Nötig ist ein Paradigmenwechsel
Die Autoren kommen zu folgendem Schluss:
• Weltweit werden genug Lebensmittel produziert, um alle Menschen zu ernähren - auch im Jahre 2050, wenn schätzungsweise 9,7 Milliarden Menschen die Erde bevölkern.
• Die EU muss ihren Agrarsektor und ihre Rolle ökologisch nachhaltig ausrichten. Anstatt intensiver Tierhaltung mit Importfutter braucht es Weidehaltung, kombiniert mit dem Anbau von Leguminosen. So werden Lebensmittelabfälle reduziert und Nahrungskreisläufe geschlossen.
• Um Übernutzung und Umweltbelastungen zu vermeiden, muss die Zahl der Nutztiere den verfügbaren Flächen angepasst werden.
• Die EU muss Verantwortung gegenüber den Meeresökosystemen übernehmen. Neben einem besseren Management beim Fischfang braucht es eine nachhaltige Aquakultur.
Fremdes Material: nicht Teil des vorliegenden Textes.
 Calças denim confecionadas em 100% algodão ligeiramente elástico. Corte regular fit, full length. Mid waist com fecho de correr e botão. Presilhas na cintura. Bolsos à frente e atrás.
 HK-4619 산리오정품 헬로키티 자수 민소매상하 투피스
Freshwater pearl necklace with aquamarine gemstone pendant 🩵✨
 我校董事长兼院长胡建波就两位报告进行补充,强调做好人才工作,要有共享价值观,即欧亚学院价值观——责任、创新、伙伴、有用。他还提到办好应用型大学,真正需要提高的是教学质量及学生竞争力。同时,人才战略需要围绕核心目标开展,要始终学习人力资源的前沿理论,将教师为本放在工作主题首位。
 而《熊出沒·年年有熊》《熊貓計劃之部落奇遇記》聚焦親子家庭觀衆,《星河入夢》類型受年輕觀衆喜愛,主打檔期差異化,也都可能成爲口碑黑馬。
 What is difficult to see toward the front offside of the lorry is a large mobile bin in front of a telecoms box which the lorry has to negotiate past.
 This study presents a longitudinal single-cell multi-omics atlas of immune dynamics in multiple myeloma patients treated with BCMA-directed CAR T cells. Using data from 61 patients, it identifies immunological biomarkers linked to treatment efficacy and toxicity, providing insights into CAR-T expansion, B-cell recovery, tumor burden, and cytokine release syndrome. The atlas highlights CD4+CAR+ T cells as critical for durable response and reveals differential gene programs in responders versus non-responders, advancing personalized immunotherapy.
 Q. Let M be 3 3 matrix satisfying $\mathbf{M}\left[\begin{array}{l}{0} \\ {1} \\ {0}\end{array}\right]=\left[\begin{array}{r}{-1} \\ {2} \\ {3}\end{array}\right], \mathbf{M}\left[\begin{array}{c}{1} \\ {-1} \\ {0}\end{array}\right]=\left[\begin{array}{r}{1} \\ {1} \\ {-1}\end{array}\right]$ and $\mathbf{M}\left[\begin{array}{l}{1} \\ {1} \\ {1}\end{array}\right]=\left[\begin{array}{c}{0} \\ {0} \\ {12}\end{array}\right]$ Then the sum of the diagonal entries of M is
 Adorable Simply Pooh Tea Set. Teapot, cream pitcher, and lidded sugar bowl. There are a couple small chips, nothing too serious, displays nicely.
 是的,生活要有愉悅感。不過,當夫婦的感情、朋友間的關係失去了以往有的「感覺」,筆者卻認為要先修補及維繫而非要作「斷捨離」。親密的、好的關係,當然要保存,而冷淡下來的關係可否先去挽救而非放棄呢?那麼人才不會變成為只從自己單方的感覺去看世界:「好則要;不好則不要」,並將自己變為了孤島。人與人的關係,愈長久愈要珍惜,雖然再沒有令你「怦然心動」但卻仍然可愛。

• Lebensmittelverluste müssen halbiert werden.
Dies sind nur einige Stellschrauben, über die sich der landwirtschaftliche Fußabdruck Europas im In- und Ausland verringern lässt. Ziel muss ein regeneratives, naturverträgliches Modell der Lebensmittelproduktion sein, das alle Menschen satt macht.
Die Motivation der Verbraucher ist vorhanden: Immer mehr Europäer wollen sich nachhaltig bzw. ökologisch ernähren. So wünschten sich bei einer Befragung durch Eat4Change von mehr als 11.000 Erwachsenen in neun europäischen Ländern etwa drei Viertel der Befragten beim Einkauf nachhaltige Produkte, deren Herstellung nicht auf Kosten der biologischen Vielfalt geht. Darüber hinaus wünschen sich die Befragten, dass sich die EU stärker für den Schutz der Wälder und anderer Ökosysteme einsetzt und eigene Kriterien für Lebensmittelimporte festlegt.